Data for this exercise
=====

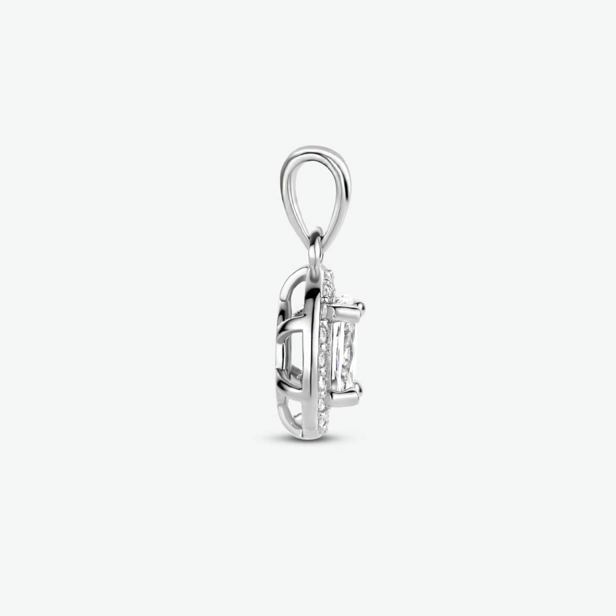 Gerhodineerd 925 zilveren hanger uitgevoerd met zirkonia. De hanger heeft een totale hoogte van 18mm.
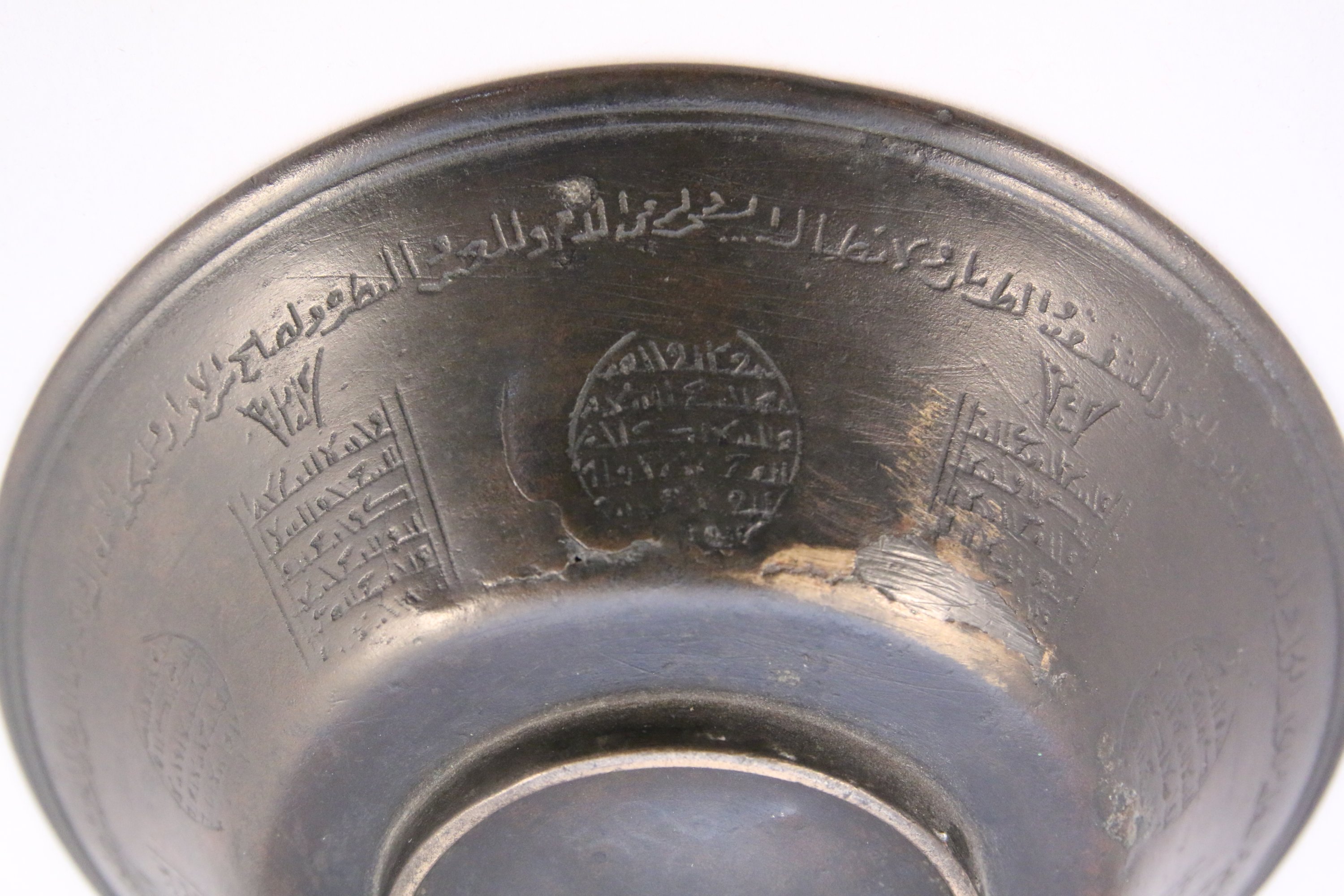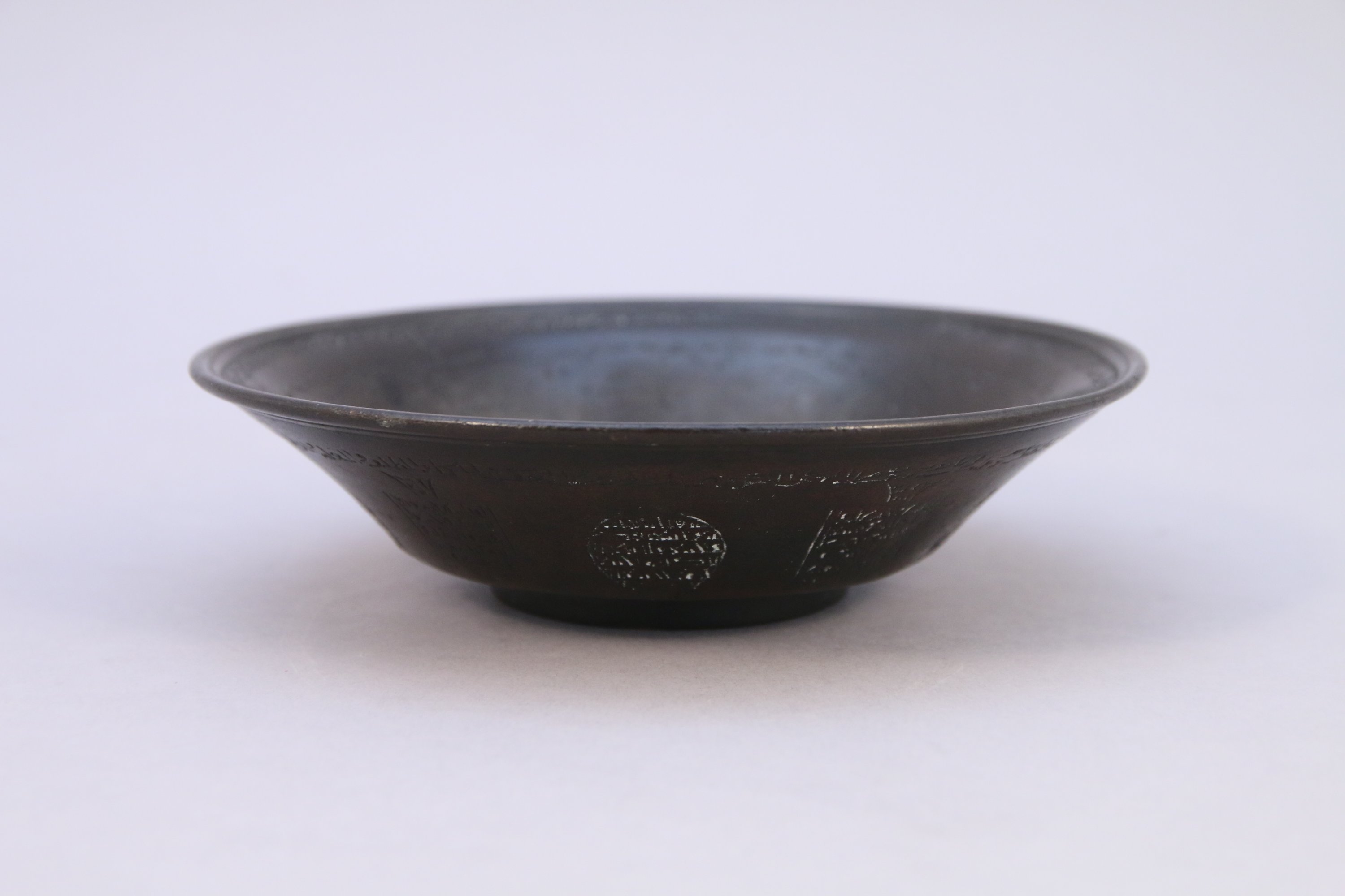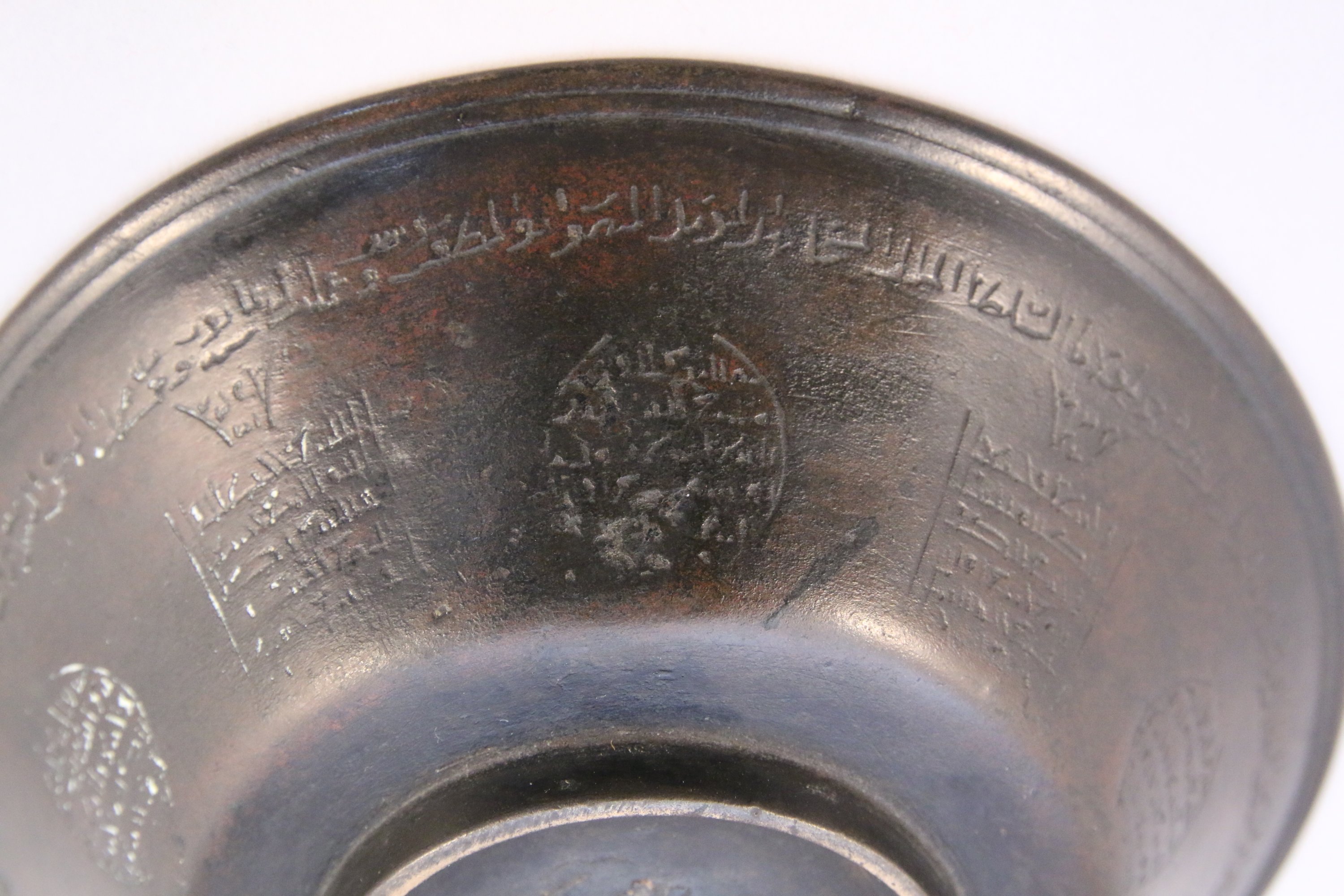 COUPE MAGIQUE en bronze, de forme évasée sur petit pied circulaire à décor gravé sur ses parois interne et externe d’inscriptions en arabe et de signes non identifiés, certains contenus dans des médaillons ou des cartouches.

=====

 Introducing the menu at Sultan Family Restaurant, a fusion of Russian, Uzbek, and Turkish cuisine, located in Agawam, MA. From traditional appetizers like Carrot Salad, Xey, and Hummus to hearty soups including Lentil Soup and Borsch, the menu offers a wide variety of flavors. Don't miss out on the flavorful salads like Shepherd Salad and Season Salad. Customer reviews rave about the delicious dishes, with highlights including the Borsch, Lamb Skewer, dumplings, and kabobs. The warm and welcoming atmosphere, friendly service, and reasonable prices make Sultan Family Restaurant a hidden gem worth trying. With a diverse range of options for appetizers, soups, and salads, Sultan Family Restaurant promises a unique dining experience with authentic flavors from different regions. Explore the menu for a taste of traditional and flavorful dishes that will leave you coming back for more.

=====

Task item
Go back to the listing above and write out the lines starting at the one with "Gerhodineerd 925 zilveren" and ending at the one with "COUPE MAGIQUE en", inclusive, exactly and without pictures.

Result below
 Gerhodineerd 925 zilveren hanger uitgevoerd met zirkonia. De hanger heeft een totale hoogte van 18mm.
 COUPE MAGIQUE en bronze, de forme évasée sur petit pied circulaire à décor gravé sur ses parois interne et externe d’inscriptions en arabe et de signes non identifiés, certains contenus dans des médaillons ou des cartouches.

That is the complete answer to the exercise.